## The records
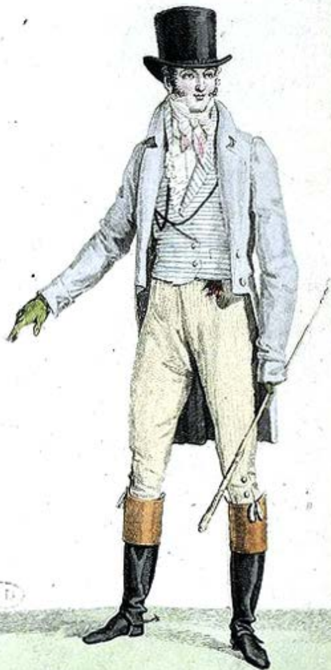
Habit de Drap. Gilet de Piqué. Culotte de Casimir Bombé.
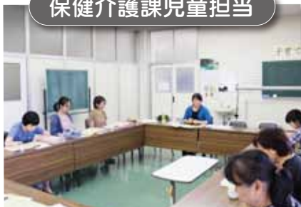
「玉東町の保育現状」
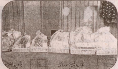
انس ویلفیئر سوسائٹی
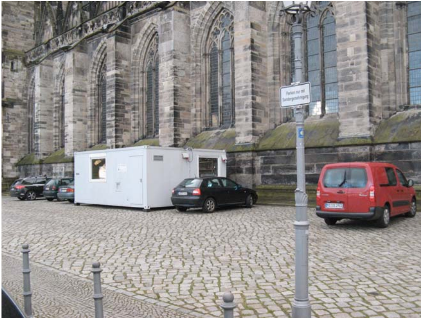
Private Stellplätze der evangelischen Domgemeinde u. der Stiftung Dome u. Schlösser

Für den Lieferverkehr sind an der Westseite vor dem Gebäude der Nord LB je ein Bereich für Krankenfahrzeuge und Lieferfahrzeuge vom übrigen Ruhenden Verkehr freigehalten. In den übrigen Bereichen des Domplatzes bestehen keine besonderen Probleme für den Lieferverkehr.

## Requirement
Could you retype the records above exactly, omitting the pictures?

## Solution for this problem
Habit de Drap. Gilet de Piqué. Culotte de Casimir Bombé.
「玉東町の保育現状」
انس ویلفیئر سوسائٹی
Private Stellplätze der evangelischen Domgemeinde u. der Stiftung Dome u. Schlösser

Für den Lieferverkehr sind an der Westseite vor dem Gebäude der Nord LB je ein Bereich für Krankenfahrzeuge und Lieferfahrzeuge vom übrigen Ruhenden Verkehr freigehalten. In den übrigen Bereichen des Domplatzes bestehen keine besonderen Probleme für den Lieferverkehr.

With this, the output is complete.